## WORK REQUEST
Pictures in the data below are not part of the copy; transcribe everything else exactly.

(GIVEN DATA)

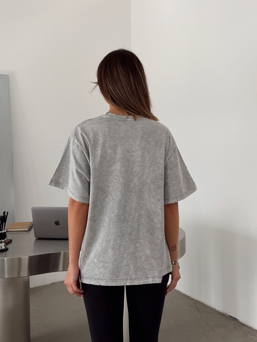 Delikli Yıkama T-shirt - Gri (MYD4621_Gri)
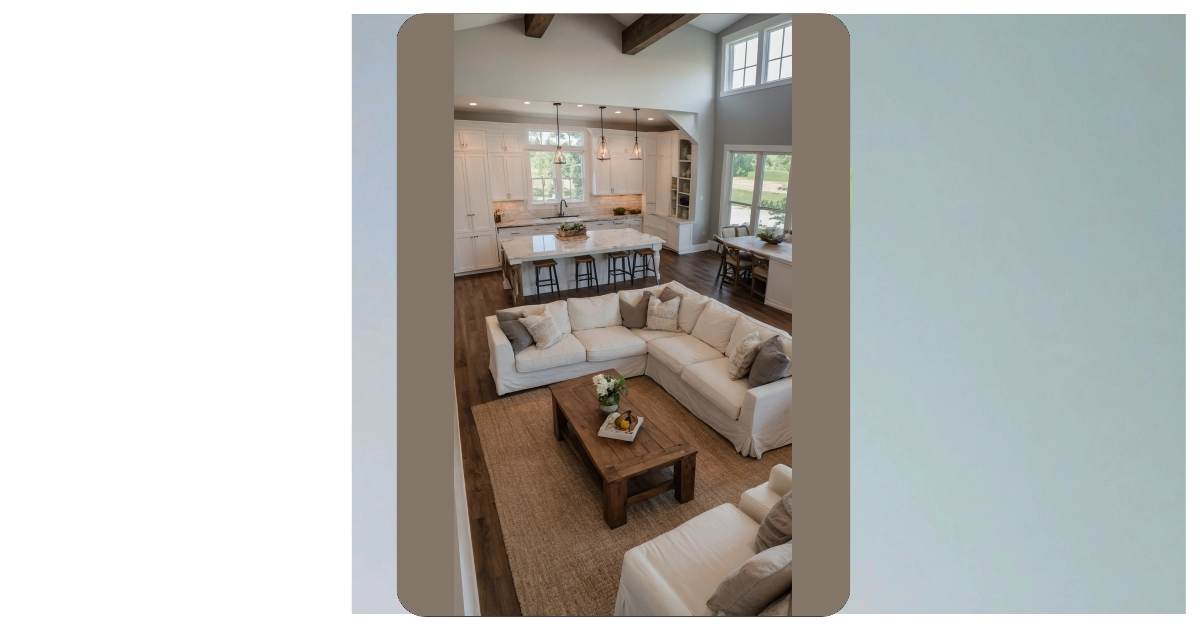 Stepping into this room is like getting a giant, super stylish hug – but from a house, not your weird aunt. You’ve got that massive, cloud-like white sofa just daring you to spill your soda, and those awesome rustic wood beams up top that make the whole place feel like a super cool, fancy barn. It perfectly blends that fresh, clean modern look with cozy farmhouse vibes, meaning it’s totally the spot where you can binge-watch your favorite show or pretend you’re a grown-up sipping tea, all while looking effortlessly cool.
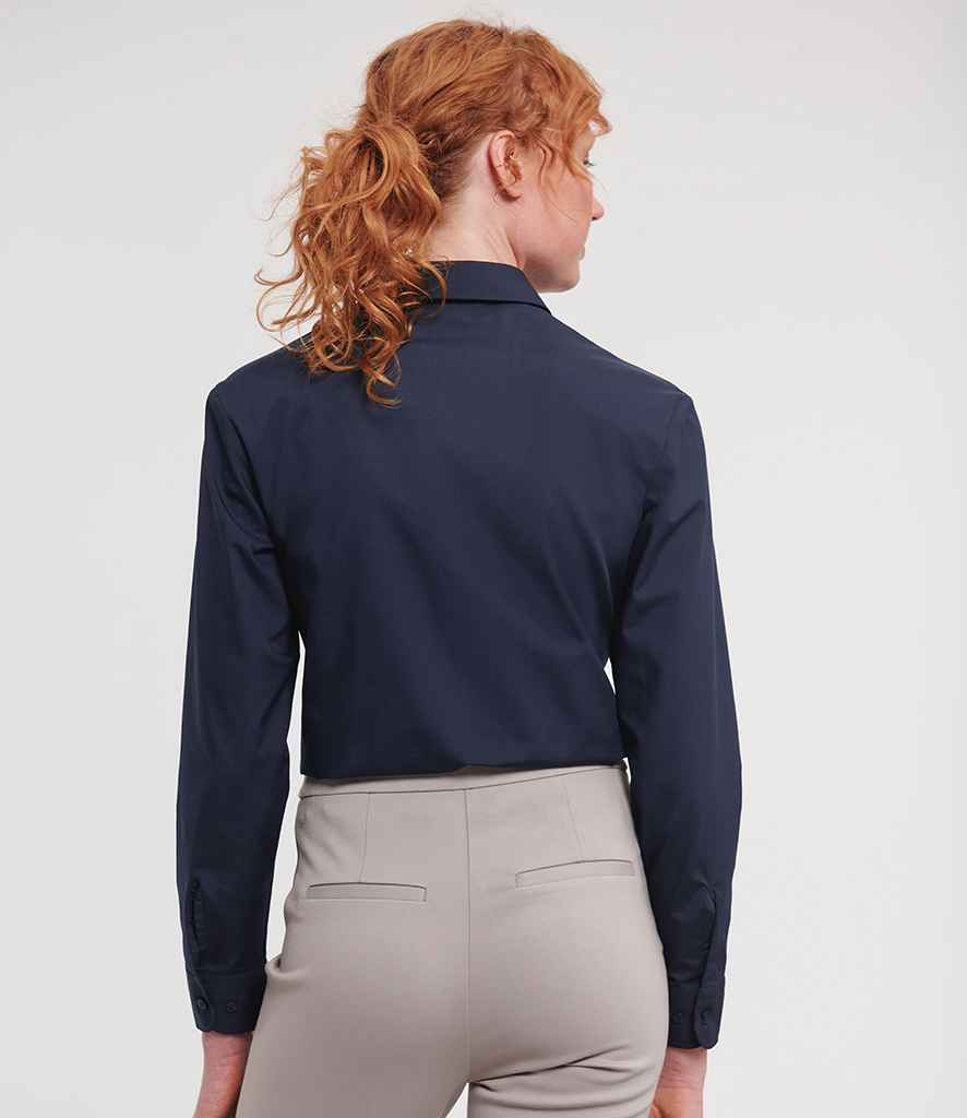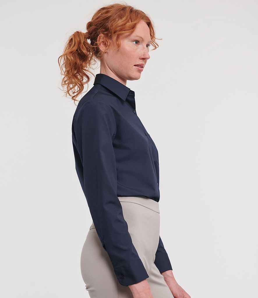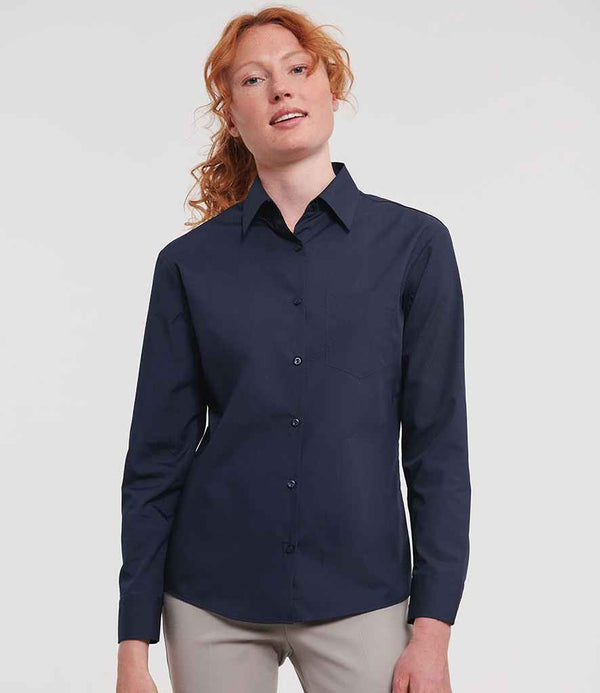 Russell Collection Ladies Long Sleeve Easy Care Poplin Shirt | French Navy.
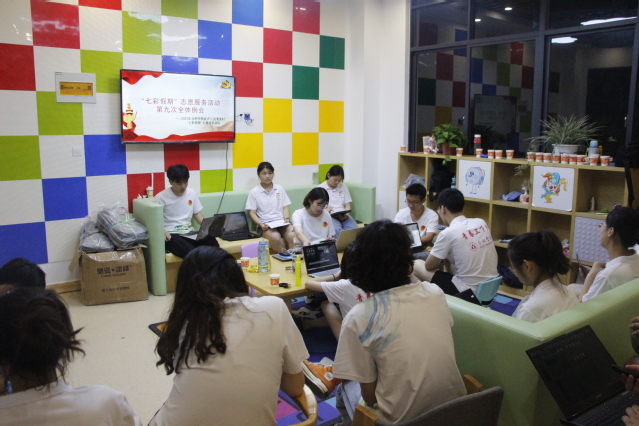 晚上九點,全體隊員于青少年活動室“七彩假期”志愿服務活動第次全體例會,隊長汪欣楠指出了離開凌安村返校過程中可能會出現的現實問題,并提出了解決的辦法,也表明了志愿服務活動結束后的后續問題。全體成員討論確定了告別儀式的流程。

(End GIVEN DATA)

## RESULT OF THIS EXERCISE
 Delikli Yıkama T-shirt - Gri (MYD4621_Gri)
 Stepping into this room is like getting a giant, super stylish hug – but from a house, not your weird aunt. You’ve got that massive, cloud-like white sofa just daring you to spill your soda, and those awesome rustic wood beams up top that make the whole place feel like a super cool, fancy barn. It perfectly blends that fresh, clean modern look with cozy farmhouse vibes, meaning it’s totally the spot where you can binge-watch your favorite show or pretend you’re a grown-up sipping tea, all while looking effortlessly cool.
 Russell Collection Ladies Long Sleeve Easy Care Poplin Shirt | French Navy.
 晚上九點,全體隊員于青少年活動室“七彩假期”志愿服務活動第次全體例會,隊長汪欣楠指出了離開凌安村返校過程中可能會出現的現實問題,并提出了解決的辦法,也表明了志愿服務活動結束后的后續問題。全體成員討論確定了告別儀式的流程。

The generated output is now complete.